Data items

-- Opening Marker --

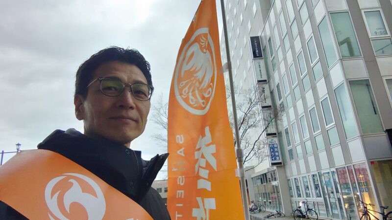 朝夕の通勤・通学時間帯を中心に、地下鉄白石駅・福住駅・菊水駅・南平岸駅・南郷7丁目駅・中の島駅などで、のぼり旗やビラを持って立ち、通行する皆さんにご挨拶する活動です。笑顔で「おはようございます」「行ってらっしゃいませ」と声をかけるだけでも、中島よしきの存在を知っていただく大きな力になります。短い時間でも「その場に立つ」ことが、認知拡大につながります。
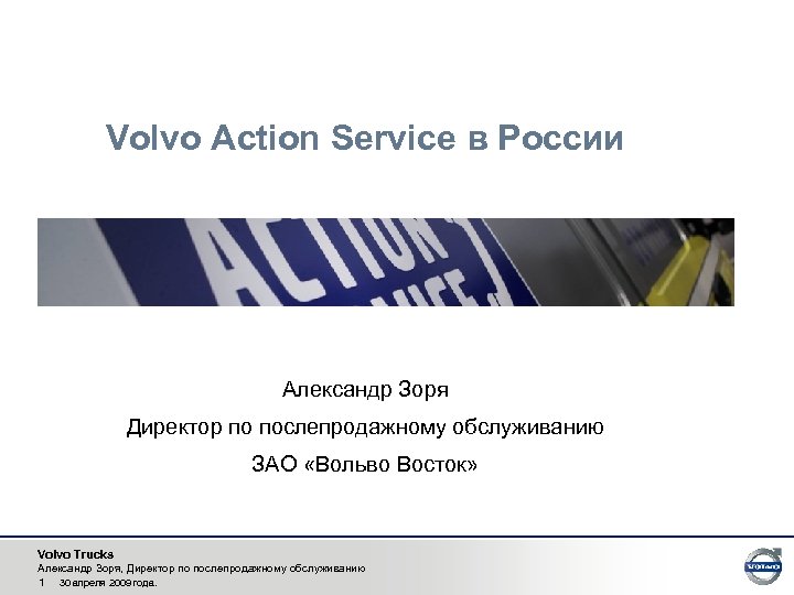 Volvo Action Service в России Александр Зоря Директор по послепродажному обслуживанию ЗАО «Вольво Восток» Volvo Trucks Александр Зоря, Директор по послепродажному обслуживанию 1 30 апреля 2009 года.
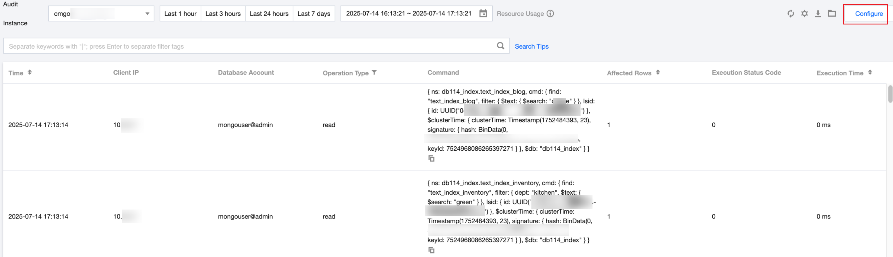 5. Click the instance ID with auditing enabled to redirect to the Audit Log page to view the corresponding log.
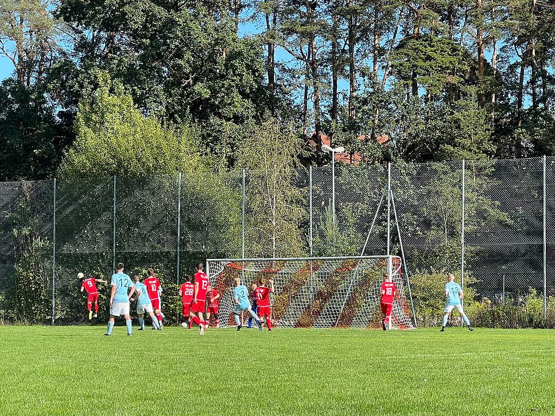 Die Führung hielt allerdings nur ganze 5 Minuten, denn dann sorgte Felix Falkner für den Ausgleich nach einer Ecke, die der TSV nur unzureichend per Kerze klären konnte, Keeper Beyer im Tor blieb und der Mittelfeldspieler zum 1-1 einschob (9.)
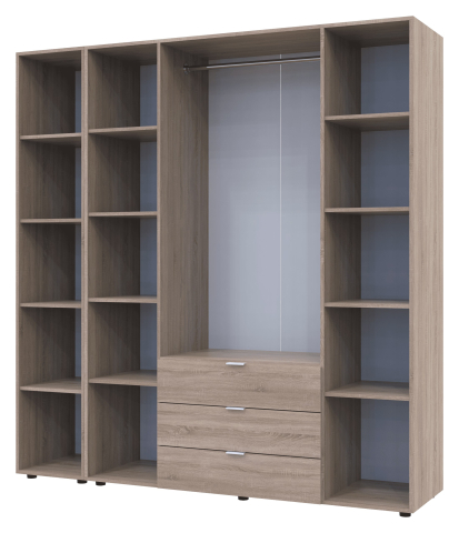 шафа містить п’ять відділення: відділення з трьома висувними шухлядами, два відділення з закритими полицями, відділення зі штангою для вішалок та одне відділення з відритими полицями |

-- Closing Marker --

■ About this exercise ■
Set down the records again exactly as they appear, leaving each picture behind.

■ Problem solution ■
 朝夕の通勤・通学時間帯を中心に、地下鉄白石駅・福住駅・菊水駅・南平岸駅・南郷7丁目駅・中の島駅などで、のぼり旗やビラを持って立ち、通行する皆さんにご挨拶する活動です。笑顔で「おはようございます」「行ってらっしゃいませ」と声をかけるだけでも、中島よしきの存在を知っていただく大きな力になります。短い時間でも「その場に立つ」ことが、認知拡大につながります。
 Volvo Action Service в России Александр Зоря Директор по послепродажному обслуживанию ЗАО «Вольво Восток» Volvo Trucks Александр Зоря, Директор по послепродажному обслуживанию 1 30 апреля 2009 года.
 5. Click the instance ID with auditing enabled to redirect to the Audit Log page to view the corresponding log.
 Die Führung hielt allerdings nur ganze 5 Minuten, denn dann sorgte Felix Falkner für den Ausgleich nach einer Ecke, die der TSV nur unzureichend per Kerze klären konnte, Keeper Beyer im Tor blieb und der Mittelfeldspieler zum 1-1 einschob (9.)
 шафа містить п’ять відділення: відділення з трьома висувними шухлядами, два відділення з закритими полицями, відділення зі штангою для вішалок та одне відділення з відритими полицями |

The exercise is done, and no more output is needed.